→ **PROBLEM TO SOLVE**: Look over the entries and say how many lines include the word "with". Only the number, please.

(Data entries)
####

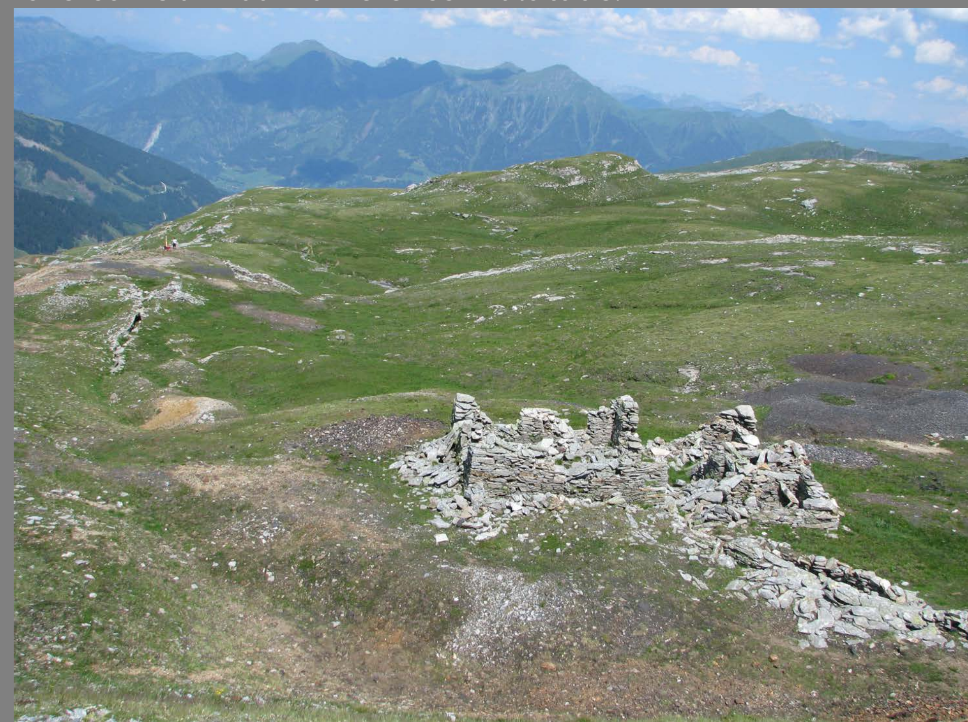
Above: Bad Hofgastein, Erzwiese, two mining sites with a mine-worker's building (residence and working site) and a border pathway to the tunnels (so-called Schneekragen); the stark areas derive from mine dumps; 15th – 16th century (Photo: Cl. Theune).

Gold-mining : An Area of approximately 50km of gold deposits streches over the Tauern region, located between 2000 and 2500m contour. The mining conditions in this area were difficult, but the occurrence of lead deposits was a big advantage for the gold mining industry, since lead is an important component of the smelting process. The written sources and archaeological record show that the deposits were exploited from the 14th century until the end of the 16th century. Peasants, craftsmen, tradesmen and various authorities were involved in the complex economic processes at various levels. The mining process was conducted in the high Alpine region, the different melting workshops were situated in high valleys between 1200 and 1300m contour, resp. on 860m contour. In order to sustain mining throughout the year it was necessary to assure the continuous supply of the people working in the mines with food, clothes, tools and work materials. The transport of the ore and the sustenance had to overcome a 1700m difference in altitude.
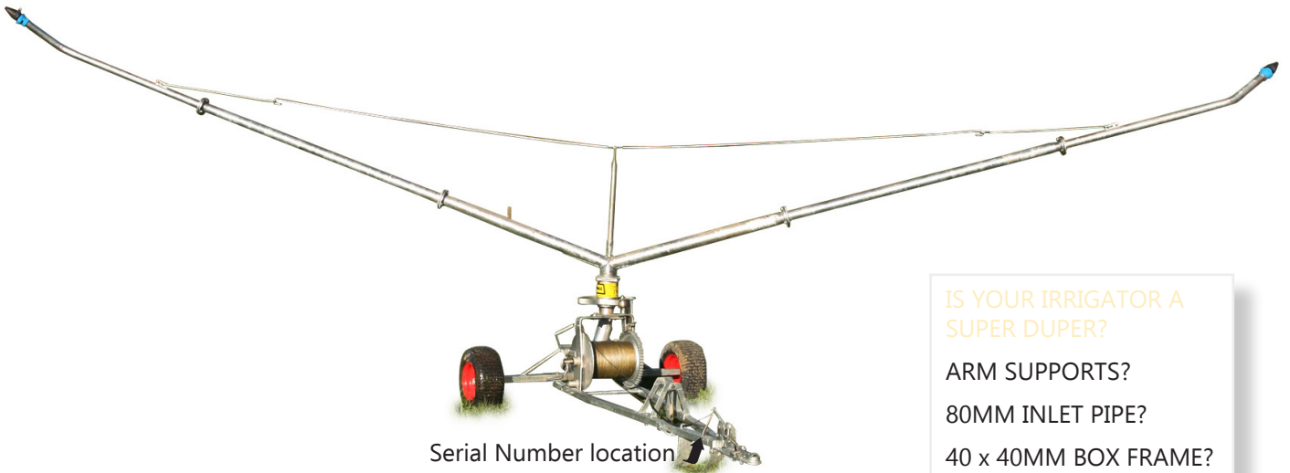
Serial Number location
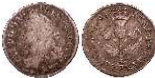
826993. SCOTLAND: William II, 1689-1702, AR 5 shilling (2.27g), 1695, KM-140, f-vf $190
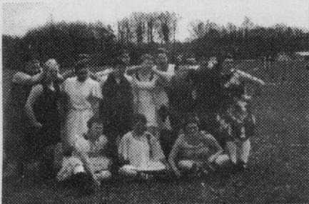
Women's Rugby: Dressed to Kill
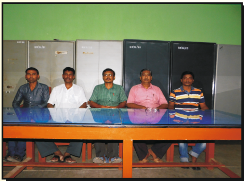
NSOU Co-ordinator & Staff

COURSE OFFERED : BPP: (Bachelor Preparatory Programme.) 6 Months duration
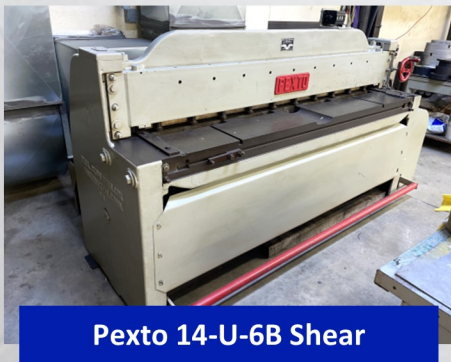
Pexto 14-U-6B Shear
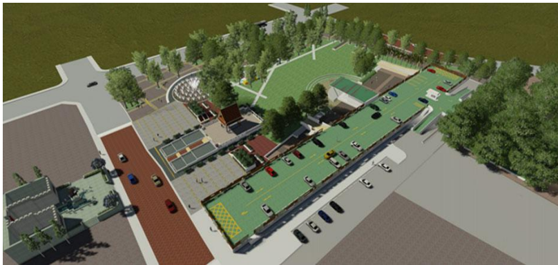
Fig. 8. Overall view of PCP.

Fig. 8 illustrates the overall view of phase I. The urban park has undergone the construction since 2016. The construction of this urban park is divided into two phrases. Phase I covers the area of circular fountain and Sri Tala Pirom Pavilion, which is built to celebrate King Rama X. Phase II features the great lawn, play areas, an open-air theatre and the secluded garden.
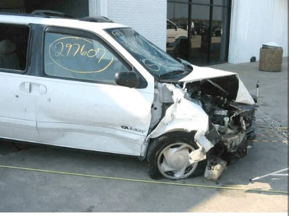
Figure 8: Nissan's frontal and right side damage viewed from right front; Note: displacement of right front wheel assembly and damage on right front door caused by wrap-around damage from impact with case vehicle (case photo #60)

The case vehicle was <u>CERTIFIED</u> <u>ADVANCED</u> 208-<u>COMPLIANT</u> and was equipped with multistage driver and dual stage front right passenger air bag inflators, a driver seat belt sensing system, a driver's knee air bag, front seat back-mounted side impact air bags, and front and back side curtain air bags. Furthermore, the case vehicle was equipped with LATCH system features and a new tire pressure monitor. In addition, there was an occupant weight sensor for the front right passenger seating position. The various sensors in the case vehicle's advanced occupant restraint
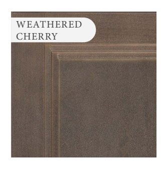
OPTIONAL LUXURY COLLECTION

####

→ **ANSWER TO THE PROBLEM**: 4